But, you know, at a certain scale it makes sense because, if you don't do that, it's just too hard to deal with things. Are there scalability issues that might make chaining less desirable?
Matt: From my point of view, the scale here is you've got super complicated data. And maybe you end up with a very long chain. In that case, one of the things you can do is leverage .pipe()
. Maybe these twenty lines are cleaning up the temperature data, or whatever. So you could say .pipe(clean_temperature_data)

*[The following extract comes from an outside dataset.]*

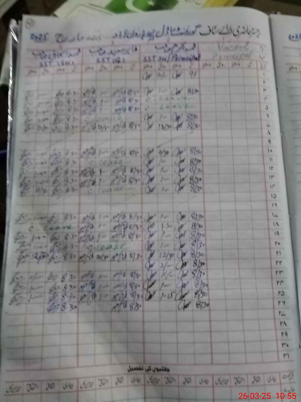| 31**** | As**** Al**** De**** | SST | Regular | 0 | 0 | 0 | 0 | 0 | 0 | 0 | 0 | 0 | Exam Duty |

and just remove those twenty lines.
But I've seen people write a whole bunch of pipes that all dispatch to a single line of code. And my point is: you should be able to just read what's in the pipe. By separating things you're putting more cognitive overhead on yourself because now you have to scroll up and down to read what all these things are when previously the line in the chain told you what it was.
There are cases, though, where chaining legitimately makes things hard. Maybe you really do need an intermediate variable because you're calculating something that's derived from two different things. There are ways to do that without breaking a chain. You can use .pipe()

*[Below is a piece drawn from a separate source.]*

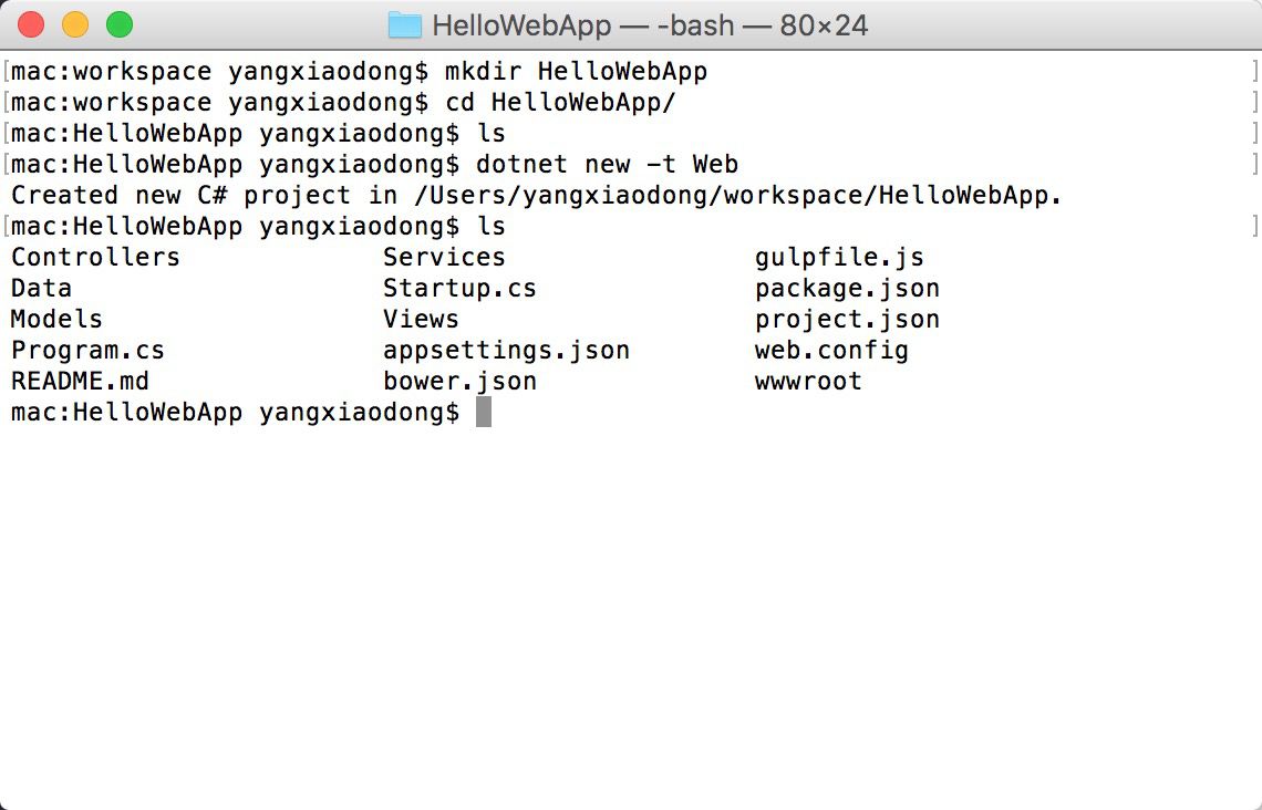 mkdir HelloWebApp 这个命令是创建一个名为 HelloWebApp 的文件夹。

to make an intermediate variable, and then you can refer to that later on if you need to. So, I haven't seen anything that tells chaining doesn't scale as far as code size goes.

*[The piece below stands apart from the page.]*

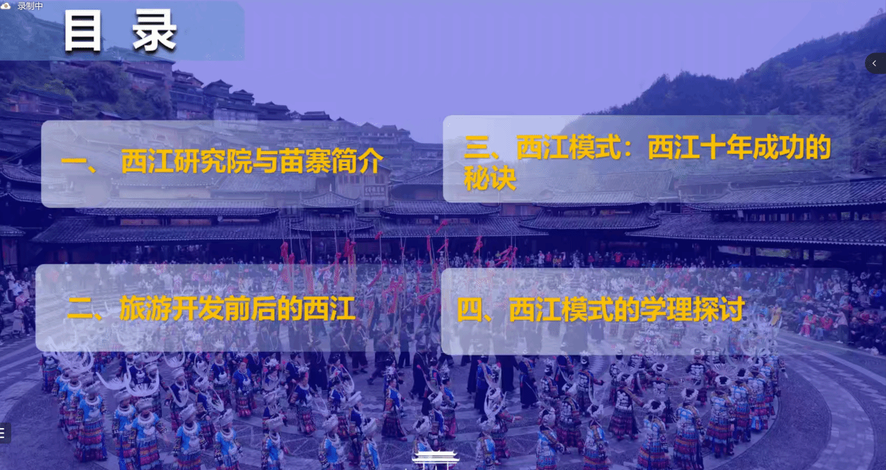 本次讲座主要分为四个大部分:西江研究院与苗寨简介;旅游开发前后的西江;西江模式——西江十年成功的秘诀;西江模式的学理探讨。

As far as the other scale that we might think about, which is data size, one thing to be aware of is that pandas is an in-memory tool. Your data needs to fit in memory. That's why the first thing I do when I load my data is set the correct types to shrink it down. I gave an example the other day where I went 95% smaller with a few lines of code.
And the other thing is that pandas is not particularly smart about doing copy-on-write semantics. In fact, it doesn't really have that. For my clients, I usually recommend a 3X–10X memory overhead so that you have space to do these operations. So, yes, data size can be a problem.
One of the objections people have to chaining is that it's problematic with data size. But it's actually less problematic than what we might call the naive style. Maybe the word naive has a bad connotation, but it is kind of like that. You make all these intermediate variables, right? You're actually storing references to all of these intermediate objects that are all copies of your data.
When you chain there is often a copy being made, but there's no pointer or variable holding it. It gets garbage collected. You make an intermediate variable and then the next thing does something with it and, at that point, no one else is using that intermediate variable so it's gone. You don't have to worry about that or manage that.
David: Switching gears a little bit, I'm curious to know what readability means to you. What is it that makes code readable?
Matt: I think that's a question that there's no standard answer for. If you ask ten people, you're going to get ten different answers. I will say that I don't just teach pandas, I also teach Python. A lot of people in my fundamentals of Python class will hear me say, "Your goal is not to write code that's easy to write. Your goal is to write code that's easy to read.
But beauty is in the eye of the beholder and so, again, you need to take into account who your audience is. I don't think a professional who's writing Python code or a professional who's writing pandas code should write code that's easily read by someone who's fresh and hasn't had any training or background.
I would say there's some baseline. Write Python in whatever idiomatic Python style looks like, rather than if it were C or Java. I see a lot of people coming out of university saying they learned Python, but really they learned C++ or Java. The instructor took their Java content and translated it into Python, which isn't particularly hard, and now the student knows Python, right? But they don't really know Python.
Having said that, just because I write pandas in this chaining style doesn't mean that when I write Python code I'm writing chains all over the place. Someone asked me where object-oriented programming is used with pandas. When I'm writing pandas code, I don't write classes. Does that mean that I never write classes? No, I write classes all the time. It's just that I don't really need to use classes when I'm writing pandas.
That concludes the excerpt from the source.